# Laser levels for setting up square layout?



## MikeVila (Nov 2, 2008)

Is it possible or do they make laser levels that aid in setting up square layouts for building? Like shoots perpendicular lines and shows exact layout for square?


----------



## Daniel Holzman (Mar 10, 2009)

By definition a level is a device that is used to extend a line parallel to the surface of the earth, known as a level line. Many levels can be used to determine if a structure is plumb, since a plumb line is perpendicular to a level line, and many levels are set up so they can be "leveled" in either the horizontal or vertical plane.

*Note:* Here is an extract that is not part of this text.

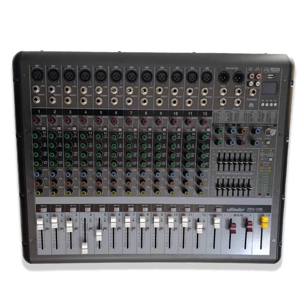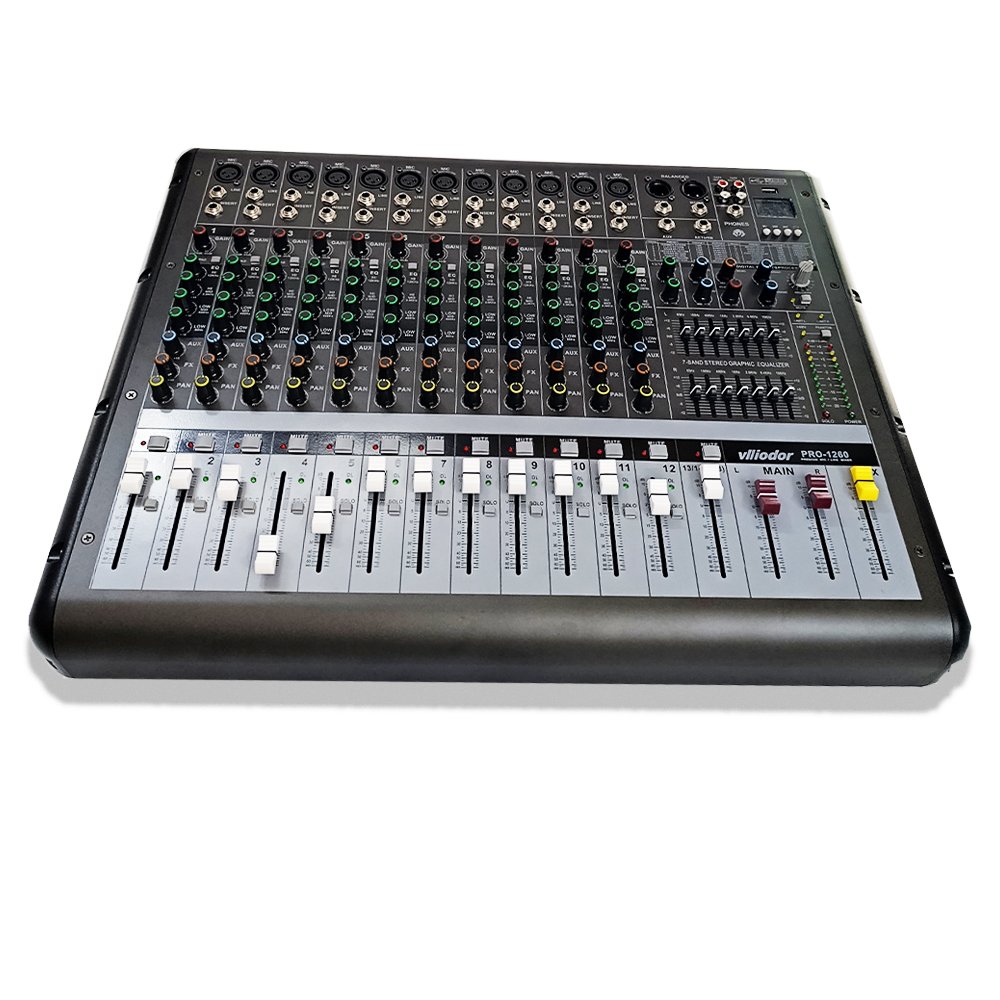 🎛️ VLLIODOR PRO‑1260 – ميكسر صوت احترافي بـ 12 قناة – 650 واط × 2
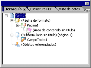 Por ejemplo, cuando se crea un nuevo formulario en blanco, de forma predeterminada el nombre del subformulario que representa la primera página del formulario es un subformulario sin nombre con un valor de incidencia de 0. La siguiente ilustración muestra la jerarquía de un formulario nuevo con la nomenclatura de objetos predeterminada.

What you are looking for is a type of device generically known as a transit. A transit typically is equipped with a graduated scale, and can be used to turn any desired angle. In your case, you want to turn a 90 degree angle. Some levels are equipped with both level capability and transit capability, I have such a level at home. The primary role is to run level lines, however it has a graduated scale that can be used to turn an angle. So the answer to your question is yes, you can turn a 90 degree angle if your level is equipped with a graduated scale like a transit is.


----------



## ddawg16 (Aug 15, 2011)

Or do it the old fashioned way....tape measure. Measure from each oposite corner....when both are the same measurement....it's square.

I have a good 2' & 4' level.....but if I really want something plumb (perfectly vertical)....I use the old plumb bob.....it's about as accurate as you can get.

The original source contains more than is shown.